Antiviral drugs often target viral polymerases and function as nucleoside analogs that terminate RNA chain elongation. However, such chain-terminating antivirals are generally not effective against SARS-CoV-2 because coronaviruses carry an exonucleolytic proofreading activity that can remove misincorporated nucleotides from the nascent RNA 3′ end18,19,20. The nucleoside analog remdesivir can circumvent proofreading because its incorporation does not terminate elongation but only stalls RdRp after the addition of three more nucleotides14,21,22,23,24. Remdesivir was the first FDA-approved drug for the treatment of patients with COVID-1925,26,27,28, but its effectiveness is disputed29, emphasizing the need to develop new antiviral drugs.

Another promising drug candidate for the treatment of patients with COVID-19 is molnupiravir (or EIDD-2801), which also targets the RdRp of SARS-CoV-2. Molnupiravir is an isopropylester prodrug of the nucleoside analog β-d-N4-hydroxycytidine (NHC or EIDD-1931)30,31. Molnupiravir interferes with the replication of various viruses30,31,32,33,34,35,36, including SARS-CoV-237,38. It inhibits SARS-CoV-2 replication in human lung tissue39, blocks SARS-CoV-2 transmission in ferrets40 and reduces SARS-CoV-2 RNA in patients41. In contrast to approved drugs such as remdesivir that are administered by infusion, molnupiravir is orally available. Molnupiravir has been tested in phase I trials42 for safety, tolerability and pharmacokinetics, and phase II/III studies are currently ongoing41 (NCT04405739, NCT04405570 and NCT04575597). Available data suggest that molnupiravir acts as a mutagenizing agent that causes an ‘error catastrophe’ during viral replication30,37,43. Indeed, NHC can introduce mutations into viral RNA, as shown for Venezuelan equine encephalitis virus44. Also, the sequencing of influenza virus populations has indicated that NHC causes G-to-A and C-to-U transitions in viral RNA30, and the same transitions have been found for SARS-CoV-237.

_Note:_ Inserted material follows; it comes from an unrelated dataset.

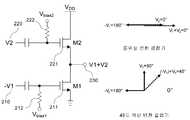 도 4에서 제1트랜지스터(211)와 제2트랜지스터(221)에 흐르는 드레인 전류는 각각,식으로 나타낼 수 있다. 이 때, 두 트랜지스터가 동일한 경우 두 트랜지스터에서 흐르는 드레인 전류는 같으므로 출력은 Vout=V1+V2으로 나타난다. 위상신호 -V1= -Acos(ωt+0°) = Acos(ωt+180°)이고, 위상신호 V2= Acos(ωt+90°)일 때, Vout= A(2*cos ()*cos(-45°) = A * cos(ωt+45°)가 나타난다.In FIG. 4, drain currents flowing through the
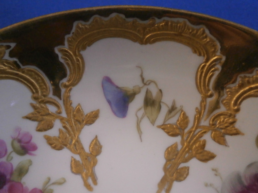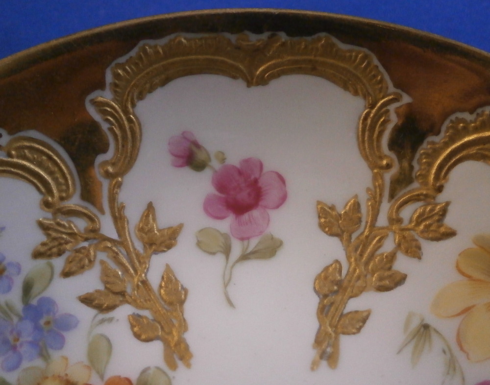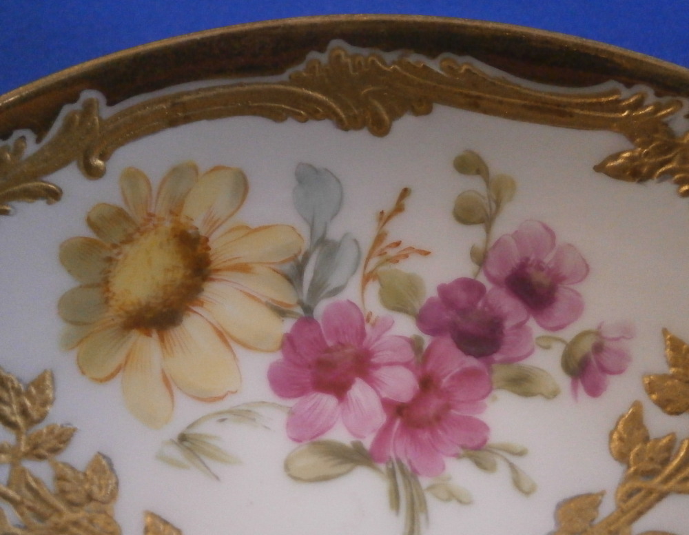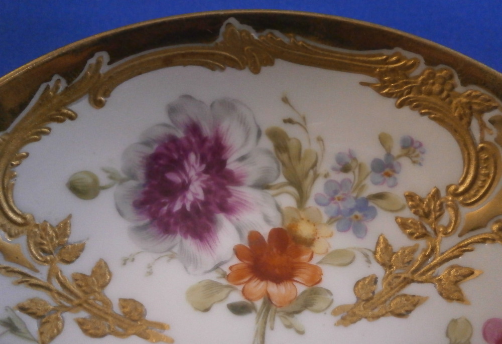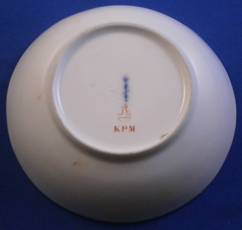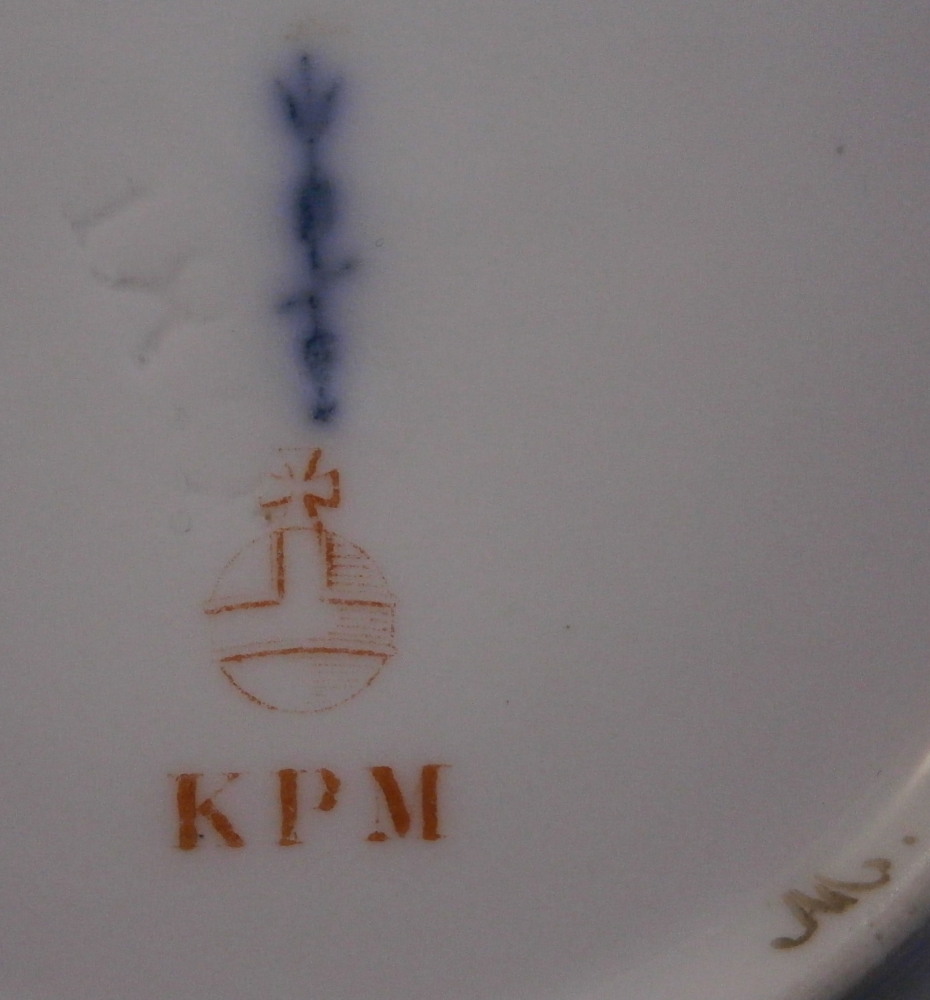 This is a small saucer for a demitasse cup made by KPM in the early 20th century. The design is called Neuzierat and this is the rarer version with the spaces between the raised design and the rims filled with a gold ground color. The piece is hand painted superbly with two large floral arrangements and two small flowers and has a superb raised gold trim in between. It is marked underneath with the under glaze blue scepter mark as well as the red orb and a painter's or gilder's mark plus impressed marks as shown. The saucer is in great condition with some very minor wear. The saucer is 1.125 inches tall and 4.375 inches in diameter. Please email me for more information or other pictures.

Despite this progress, a systematic biochemical and structural analysis of molnupiravir- or NHC-induced RNA mutagenesis by viral RNA polymerases is lacking. In this Article, we quantify the effects of molnupiravir or NHC on the RNA synthesis activity of SARS-CoV-2 RdRp using a purified biochemical system and defined synthetic RNAs. Together with structural analysis, we establish the molecular mechanism of molnupiravir-induced RNA mutagenesis. Our results provide detailed insights into the mechanism of action of molnupiravir, which is entirely distinct from that of remdesivir or chain-terminating nucleoside analogs.

Results
SARS-CoV-2 RdRp readily incorporates NHC into RNA
We first tested whether purified SARS-CoV-2 RdRp can use the active form of molnupiravir, NHC triphosphate (‘MTP’) (Fig. 1a,b), as a substrate for RNA synthesis. We conducted RNA elongation assays in a defined biochemical system using recombinant RdRp and synthetic RNA template–product duplexes (Methods). We used four different RNA duplexes that differed at position +1 of the template strand (Supplementary Table 1), which directs binding of the incoming nucleoside triphosphate (NTP) substrate (Fig. 1c). The RNA product strand contained a fluorescent label at its 5′ end that allowed us to monitor and quantify RNA elongation.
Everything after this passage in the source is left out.